B. Viability Mapping
MR images of a B16-F10 cell viability gradient are shown in Fig. 3. Thirty diffusion-weighted contrast acquisitions were averaged to generate the image shown in (a). A gradient amplitude of 8.12 G/cm, b-value of 800 s·mm−2, and Δ of 100 ms were used to generate contrast. A reference scan, to which the contrast-optimized scan was normalized, was generated using the same pulse sequence timing, but no diffusion weighted gradient. Two scans were averaged for the diffusion-weighted reference. The frequency offset used to generate contrast for the MT-weighted image shown in (b) was 3.3 kHz. A frequency offset of 200 kHz was used for the MT reference scan to which the contrast sensitive scan was normalized. The contrast and reference scans were both averaged from two acquisitions. The same imaging settings and pulse sequences were used for all other figures in this study.

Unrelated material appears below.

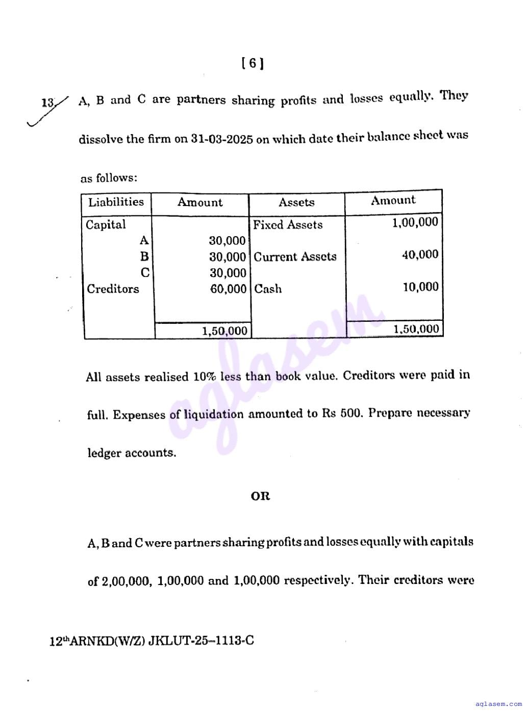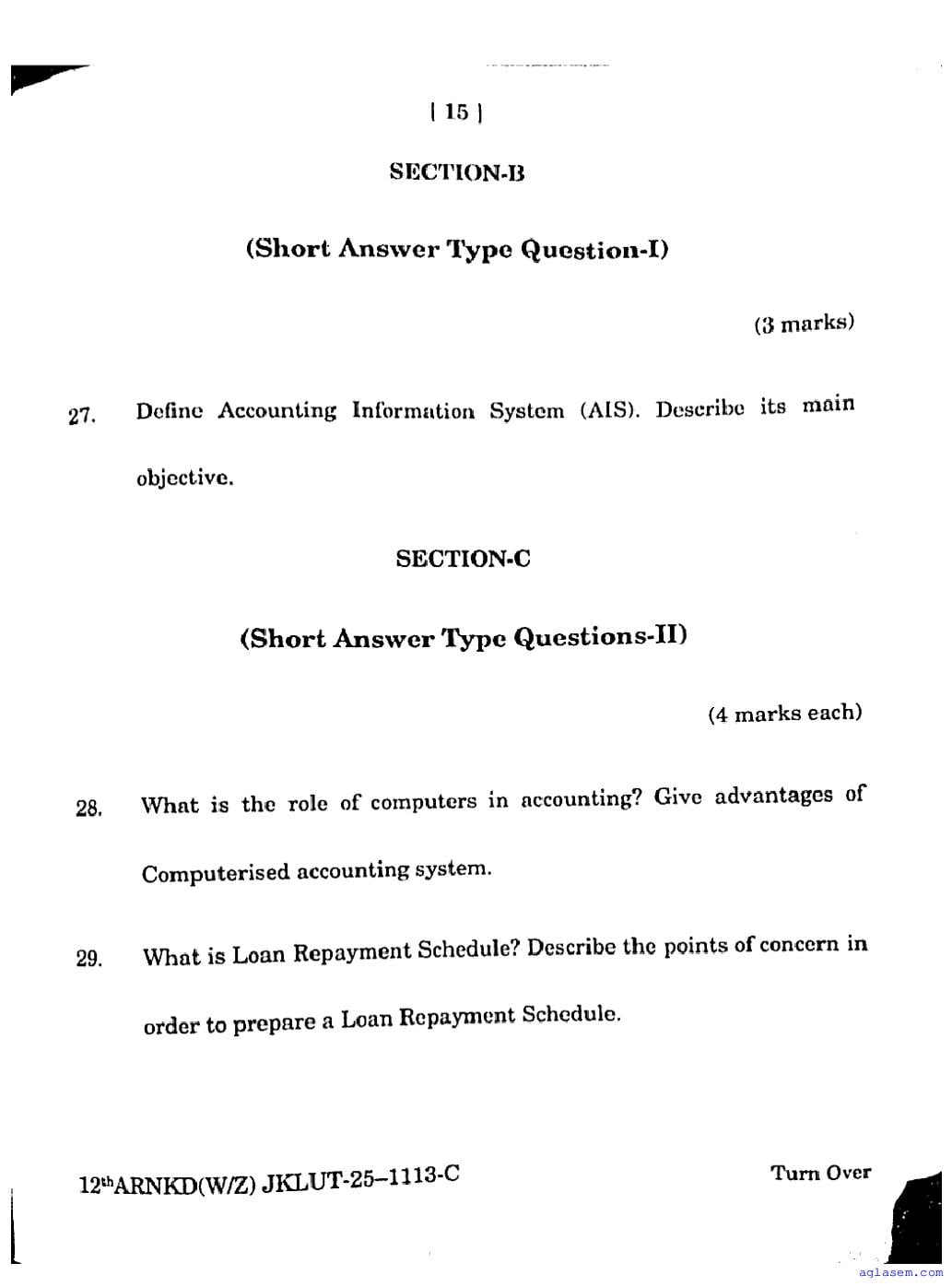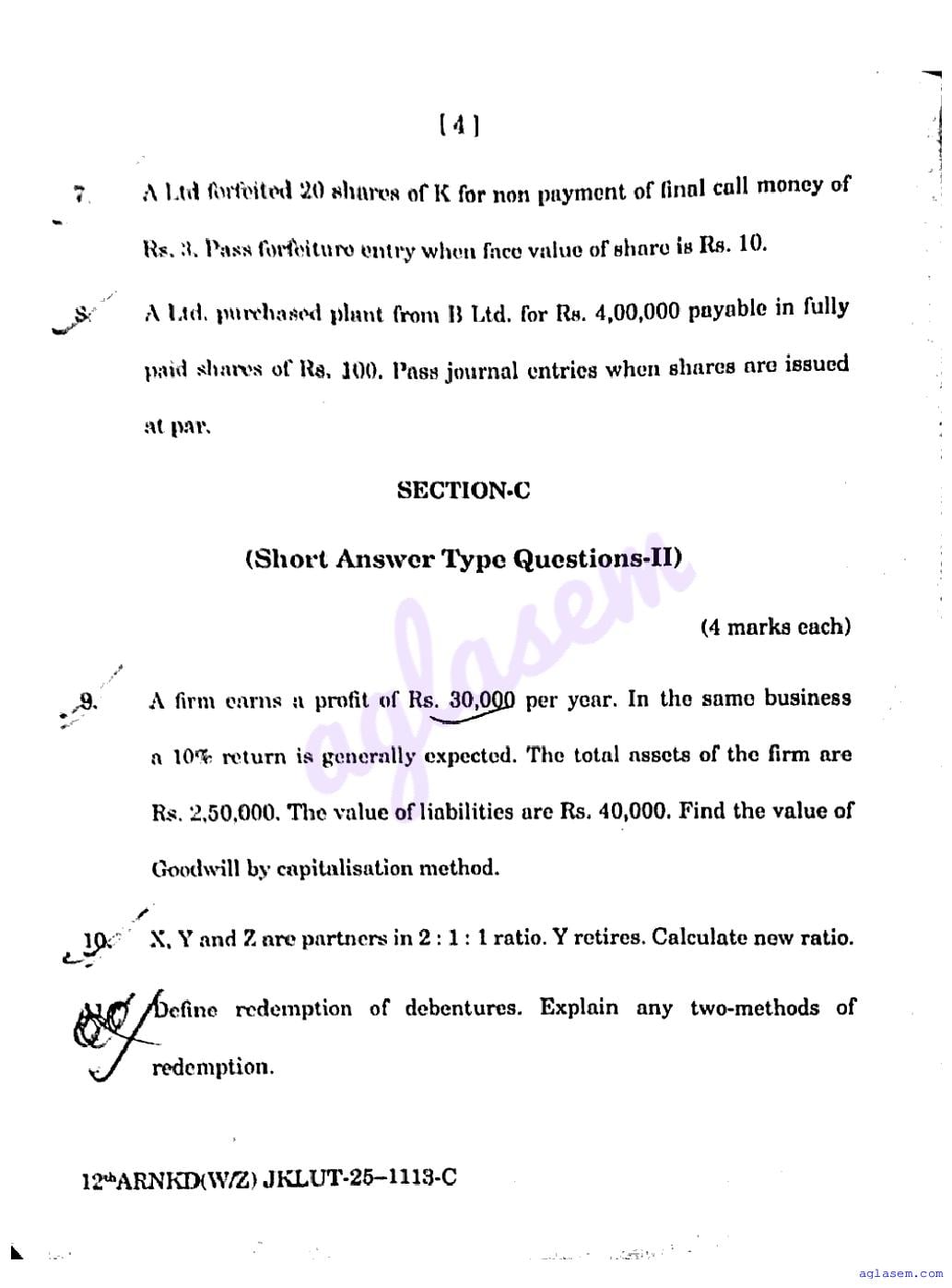 JKBOSE Class 12th Accountancy Question Paper PDF

In Fig. 3 (a), the diffusion-weighted image shows distinct layers of increasing signal intensity corresponding to increasing viability, whereas the MT-weighted image shows less sensitivity to the changing viability. In the diffusion-weighted image, all layers with viability greater than 0% are distinct from the baseline signal (acellular agarose above and below the layers). Despite being indistinguishable from each other, the layers in the MT-weighted image are clearly distinct from the acellular agarose region surrounding the layers, indicating that at this cell concentration, the MT weighting detects the presence of cells without being heavily impacted by viability. When the signals from each layer were quantified, all layers were found to be significantly different from each other in the diffusion-weighted image, whereas only four of the six pairwise comparisons between layers in the MT-weighted image were significantly different, and the difference was much less pronounced.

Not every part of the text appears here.